# Need great advice!



## doggielover2011 (Mar 11, 2009)

So i have been dating my boyfriend on and off for about 4 years. I met him when i was 15 years old and he is the only one i think of being with for the rest of my life. we have been through a lot together, 2 long distance relationships (in the proccess of the second one now) and a very very hard loss of his grandmother. we have the normal problems like any other couple except i cannot get past my problem...
i think with all this distance, and us being together for so long, i feel that i deserve to be first, considering what i have done for him, in the past present and future..but i feel that i am last. In fact, to be honest..i am very jealous of his family..when i first starting dating him, i just figured he was just regular guy with a dysfuncational family..now he seems like a mamas boy.he told me one time that his mother is the only women he will ever love..i picture eventually you know having a succesful career, getting married and having children. he is 19 and all he can think about is paint ball. i love this guy with all my heart.. i really don't want to give up, but i mean he doesn't know what to do with the rest of his life, just like his family, and i have been chosen over millions of things many many times...its like i don't know how to let go.. but when were actually together, he is the perfect dream. two completely different people..in one mind.. i dunno what to do..or how to get over my jealously of his friends and family..i feel that they have the spot in his heart where a wife or a long term girlfriend..i want to be first in someones life...and i want to first in his life. only his.. so can someone please help me???


----------



## marina72 (Dec 29, 2008)

"he told me one time that his mother is the only women he will ever love.."
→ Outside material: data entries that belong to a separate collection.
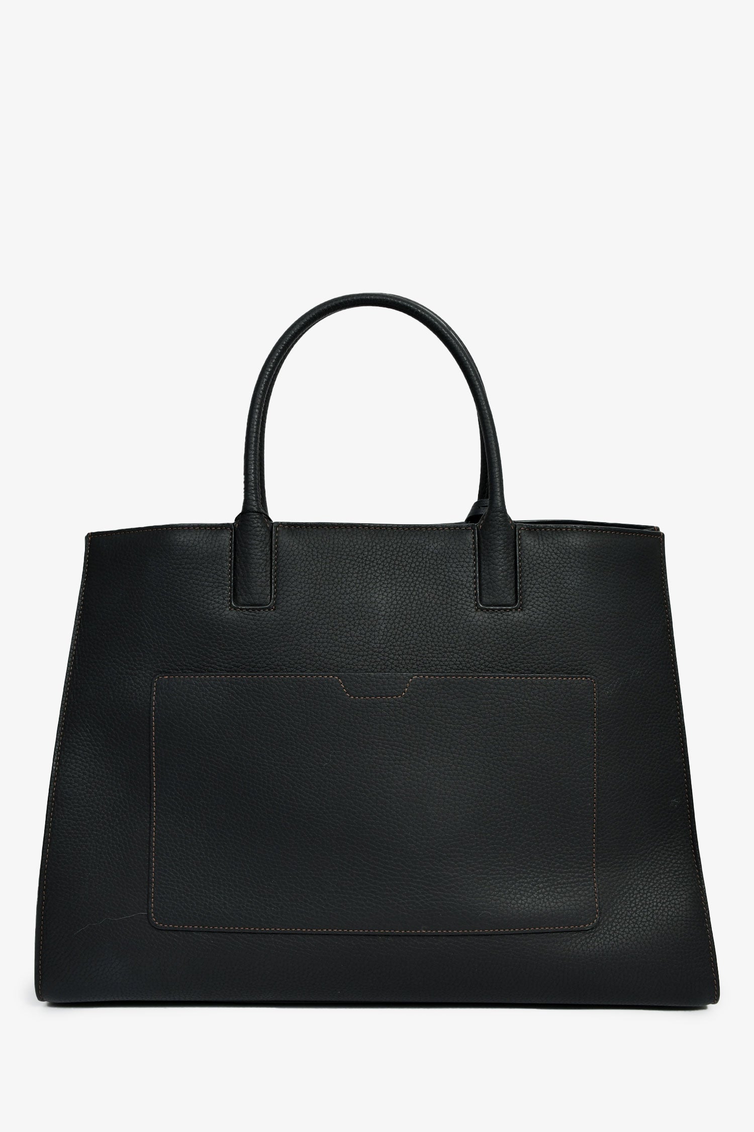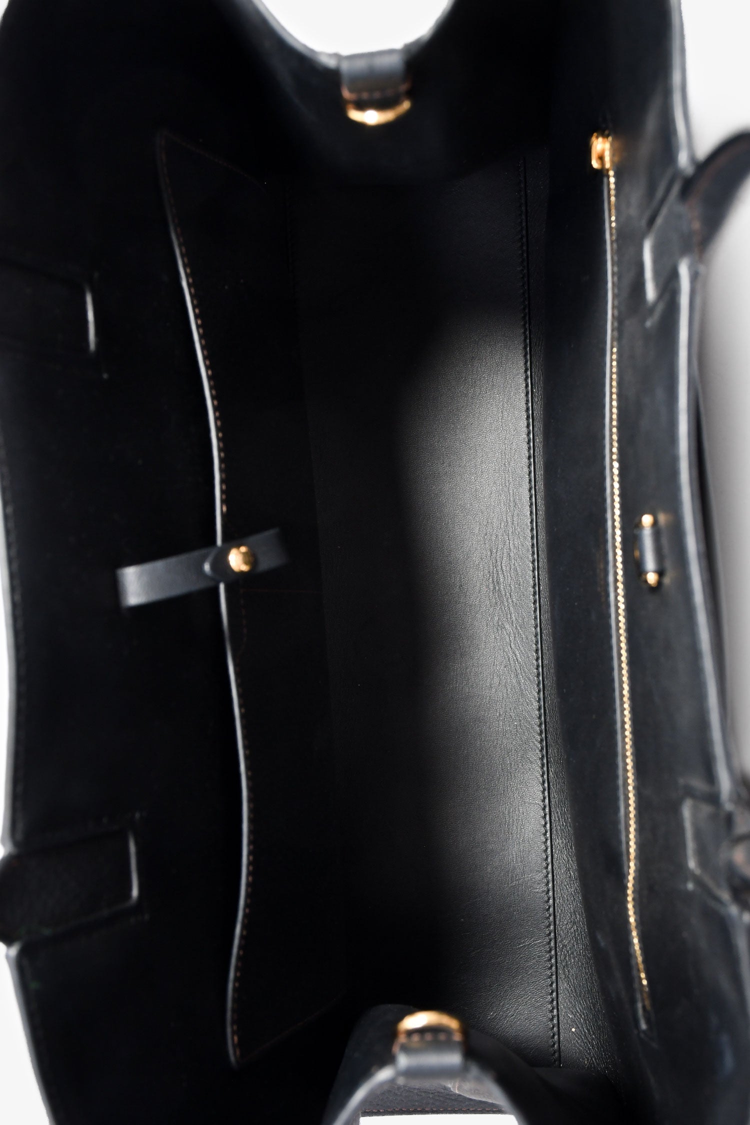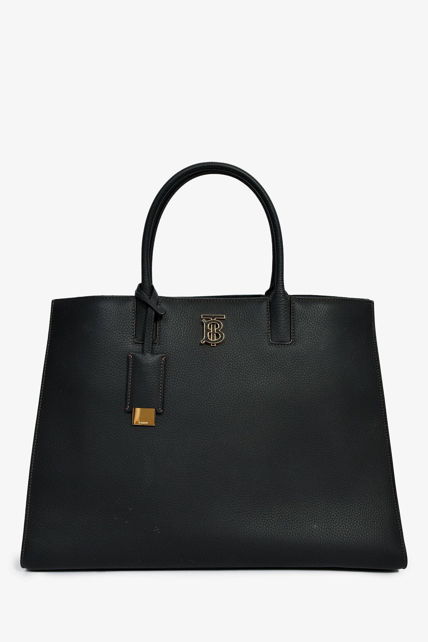 Refresh availabilityBurberry Black Leather 'Frances' Tote Bag. Open top with strap closure. Dual top handles. Protective base studs. Single exterior rear slip pocket. 3 interior wall pockets; 2 slip, 1 with zip closure. Detachable clochette. Gold-tone hardware. Tonal stitching.
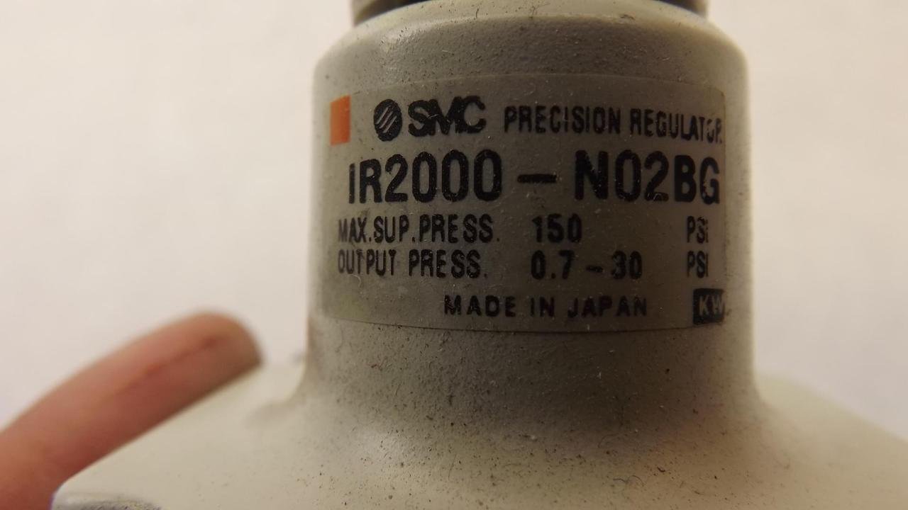 From our inventory we are selling an SMC Pneumatic Regulator. Specifications: Model #: IR2000-N02BG More Information: Input Pressure (max): 150 PSI Output Pressure: 0.7-30 PSI Port Size: 1/4" NPT Gauges May Vary
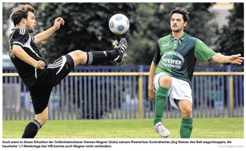 Ein Debakel erlebte Gräfenhainichens Coach René Wiesegart an seiner alten Wirkungsstätte in Piesteritz. 1:7 verloren dort seine Jungs gegen Piesteritz II. Schon zur Halbzeit führten die Platzherren 3:1 nach Toren von Neuzugang Jörg Steiner (2., 34.) und Philipp Scopp (23.). In Hälfte zwei trafen Pit Schultz (50.) und Tobias Klier (53., 61.) sowie Jens Stockmann (76.). Der VfB-Ehrentreffer gelang Daniel Richter (18.). Auch Grün-Weiß Annaburg hat anscheinend das Siegen verlernt und verlor nicht nur 2:0 beim Landesligaabsteiger SV Friedersdorf, sondern in der 80. Minute auch noch Mannschaftskapitän Marvin Richter durch eine Gelb-Rote Karte. Die zwei Friedersdorfer Treffer erledigte Martin Ungefroren (4., 78.). Annaburgs Trainer Uwe Rohlik meinte nur, dass man diesen Spieltag schnellstens vergessen sollte.
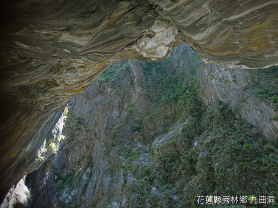 通過第三座明隧道,九曲洞更加崎嶇狹窄,百年來日人建設的產金道路,以及榮民一斧一鑿開闢的洞穴彼此交織,每個轉彎,每個縫隙自成一景。源自於高溫與高壓作用,原先陸地抬升起的岩石溫度極高,呈現可塑性的半流體狀態,扭曲變形成黑白相間、線條流暢的大理石褶皺;更奇特的,儘管形勢險峻,岩壁上不乏植物生長,有如武藝高超的遊俠,盡情展現生命的堅忍不拔,處居逆境卻又安逸自適。
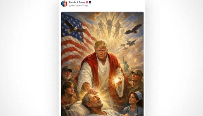 此前发布在Truth Social上的图片显示,川普身着宗教长袍,将手按在一名病人的头上。画面中,他被追随者、一面美国国旗、多只鹰以及自由女神像所环绕,天空中还浮现着其他人物形象。
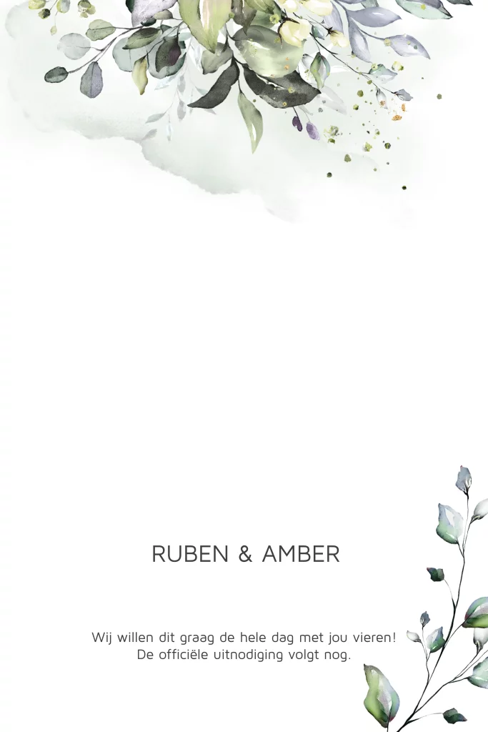 Unieke enkele save the date trouwkaart met écht goud foliedruk. Met groene watercolour en met speels geplaatste groene boeket takken. Ook mogelijk in zilver- en koperfolie druk. Zelf maken!
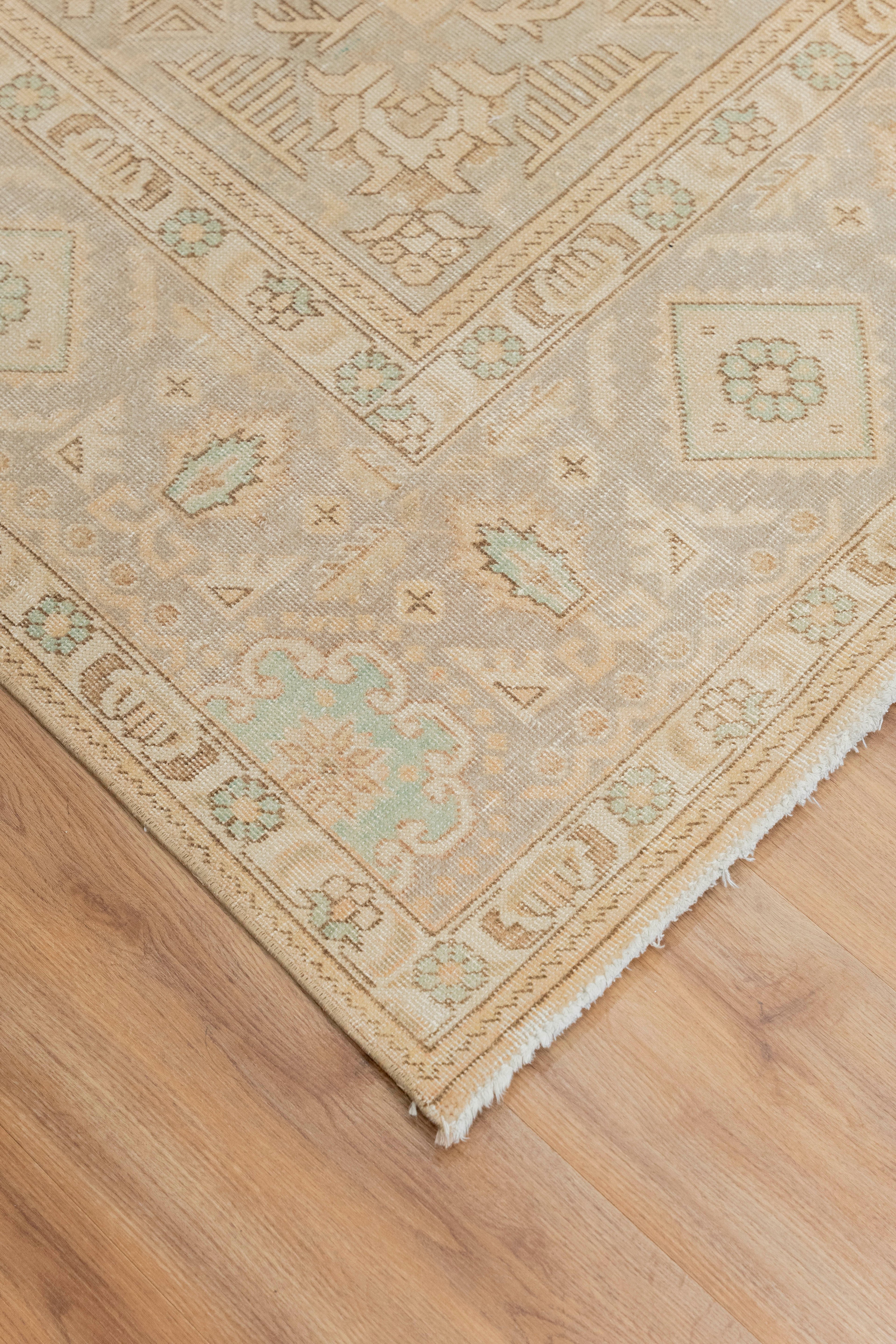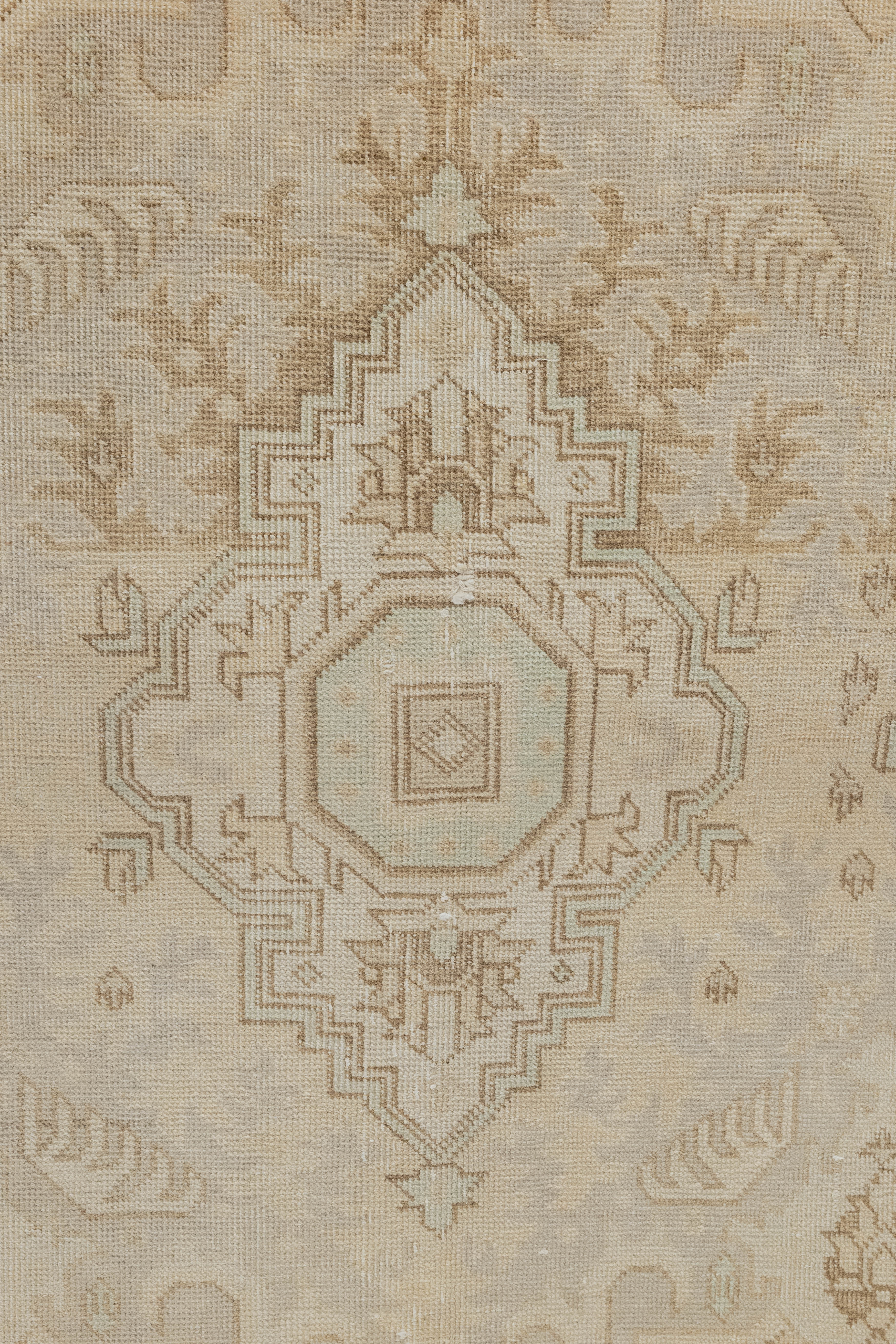 This one-of-a-kind vintage rug is handmade with a cotton foundation and a wool pile. It is brown and tan with cream pastels. Heriz rugs are celebrated for their chunky, coarse construction, which makes them some of the most resilient oriental rugs. They are perfect for high-traffic areas - yet they still provide a luxuriously soft, velvety feel underfoot. This piece has low-pile and features a lovely floral border, a center motif, and amazing vintage patina. Please inspect all photos. Each of our rugs is authentic and carefully handpicked by Nedim himself.
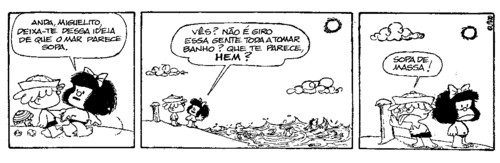 O que eu gosto mesma na praia é de andar na água: mergulhar, nadar à cão, chapinhar...essas coisas (daí não gostar de ondas). O problema é o tempo que tenho de estar na areia: aborrece-me. É claro que levo livros e música, mas ao fim de duas horas já estou farta disso tudo...É um mistério para mim como é que as pessoas conseguem ficar deitadas na toalha sem mexer por horas...
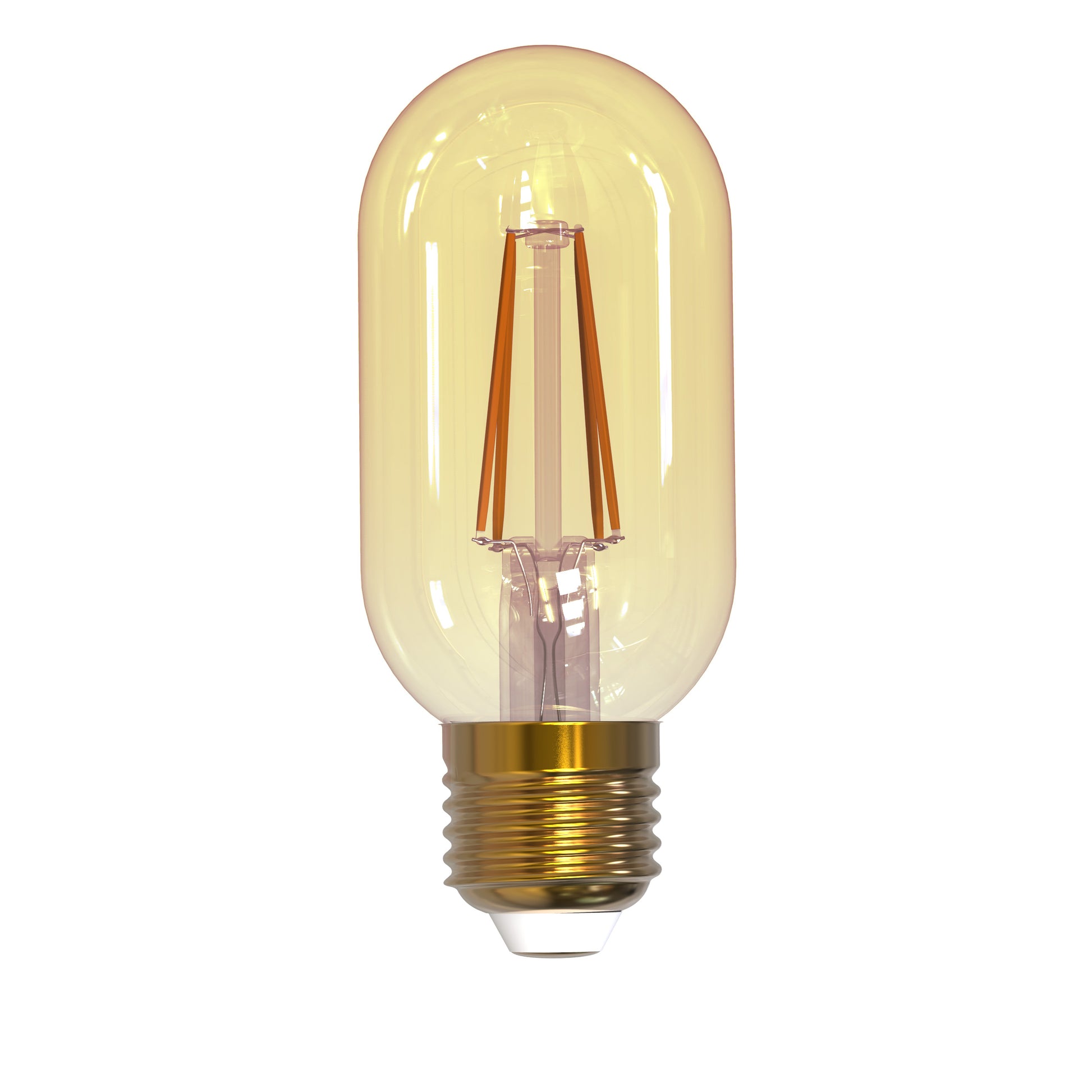 Rørformet pære med amberfarget glass. Ekstra varmt og koselig lys (2000K). E27 sokkel.

Honey, this is just creepy. I think it's great when a guy really loves his Mom, but saying something like that? And then showing through actions that it's pretty accurate? You're soooo young, believe me, you're only 19, there will be other men. And likely better ones. I'm sorry, but after all you've done for him, if he is still acting like a 12 year old boy, obsessed with paint ball and his Mommy.... I'd take a hike. 

That's just my opinion. Most certainly Please Please don't marry this guy, till he grows up, a LOT! haha.... and definitely make sure you don't get pregnant by accident, as that Never fixes any relationship problem, it only makes it worse, and then there's an innocent child involved. I'm not saying you would do that, or that you are irresponsible, I'm just putting that in there.

I'd tell him to grow up, make me a priority, or take a hike. There's no reason for you to think he's the be all end all.... you're still a teenager, and will probably love a lot more deeply, before you ever find a man to marry.. Take life slowly!


----------